As discussed in chapters 4 and 5 of the Book: Change Your Diet Change Your Mind by Georgia Ede , micronutrients are indispensable to the building and burning pathways that make up the miracle of brain metabolism. The goal of this resource is to bring this list of players to life by describing the fascinating tasks each nutrient performs, paying special attention to the contributions each one makes to maintaining mental health.

Try not to think of this as a list of supplements—these are essential ingredients we are supposed to be able to obtain from our diets. We are best adapted to absorbing, utilizing, and achieving proper balance of these nutrients when we consume them in whole foods, not as isolated, concentrated extracts.

True vitamin A compounds (not to be confused with beta-carotene and similar compounds found in carrots and certain other colorful plant foods) belong to a family of fat-soluble hormones best known for their role in eye health, specifically for making both night vision and color perception possible. Less commonly known is that vitamin A influences the genes involved in the growth and development of all cells, and therefore is crucial to the development and maintenance of the entire brain.

Learning and memory also rely heavily on vitamin A to help connect neurons in new patterns to solidify knowledge. Vitamin A deficiency in early life increases the risk for autism, and problems with vitamin A signaling may play a role in the development of schizophrenia. Vitamin A signaling can decline with age, contributing to cognitive deficits later in life.

Source Code:

  • Preformed vitamin A (retinol): liver (beef, lamb, poultry, cod); fish liver oils; egg yolks; vitamin A–containing dairy (whole milk, butter, cream, cheese as consumed in traditional diets); fatty fish (herring, mackerel, salmon, sardines).
  • Provitamin A carotenoids (β-carotene and related): convert to vitamin A with variable efficiency—sweet potato; carrot; pumpkin; winter squash; dark leafy greens (kale, spinach, collards); red peppers; mango; apricot; cantaloupe (whole fruit, not juice-only patterns).

The Busy B’s

Even though they look nothing alike and have unique responsibilities, the B vitamins are often lumped together and referred to as “B complex,” because they all serve as coenzymes (enzyme assistants) that help cells extract energy from food and assemble vital molecules, so they are indispensable to multiple burning and building pathways.
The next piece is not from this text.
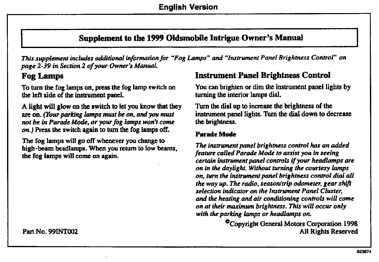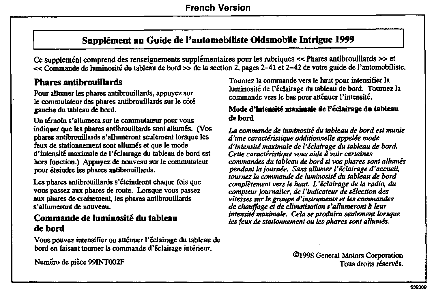 There is some confusion between the Owner's Manual, P/N 22600386 A (English) or P/N 52368380 (French) and production vehicles. The vehicle wiring was changed after the start of production for the 1999 model year and Campaign 98069 was issued to change the wiring in early 1999 Oldsmobile Intrigue vehicles. The second edition of the Owner's Manual, P/N 22600386 B - (English) was revised to reflect this change. The part number can be found on page ii of the Manual.

We must consume foods rich in B vitamins regularly because most of them can’t be stored in our tissues, with the notable exception of vitamin B12, which we store in the liver. Since the brain is a high-energy organ, even brief deficiency of a single member of the B vitamin family can slow the brain’s machinery and lead to vague, nonspecific psychiatric symptoms, such as fatigue, apathy, or insomnia.

Vitamin B1 (Thiamine)

Vitamin B1 helps make and break the bonds that hold molecules together. It plays essential roles in both glycolysis (Engine G) and the citric acid cycle (part of Engine M), and connects the two pathways by converting pyruvate to acetyl CoA. It also helps the pentose phosphate pathway to make DNA and RNA, and assists in the construction of the neurotransmitters acetylcholine, glutamate, and GABA. Since glucose processing requires thiamine, diets high in carbohydrate increase thiamine requirements. Deficiency remains widespread in parts of the world that rely heavily on starchy staples like rice and have poor access to thiamine-rich protein sources.

Source Code:

  • Pork (loin, ham); beef and lamb muscle meat; poultry; fish (especially tuna, salmon); whole-grain and enriched cereals and breads; legumes (black beans, navy beans, lentils); nuts and seeds (sunflower seeds, macadamia); peas and soy foods.

Vitamin B2 (Riboflavin)

Vitamin B2 is an integral part of FAD, which carries electrons to the electron transport chain. Riboflavin helps build antioxidants and synthesize vitamin B3, and is also required to activate vitamins B6 and B9.

Source Code:

  • Organ meats (liver, kidney); dairy milk and yogurt; eggs; lean beef; mushrooms (portobello, white button); almonds; spinach; whole grains; poultry (dark meat somewhat richer than white).

Vitamin B3 (Niacin)

Vitamin B3 is an integral part of NAD, which is used by hundreds of enzymes to help transfer electrons between molecules. Severe, advanced niacin deficiency causes pellagra, a disease which can lead to depression, psychosis, delirium, and dementia.

Source Code:

  • Poultry (chicken, turkey); beef; pork; fish (tuna, salmon); peanuts and peanut butter; mushrooms (portobello, crimini); whole grains; legumes; potatoes; fortified/enriched grains where culturally used; seeds (sesame, sunflower).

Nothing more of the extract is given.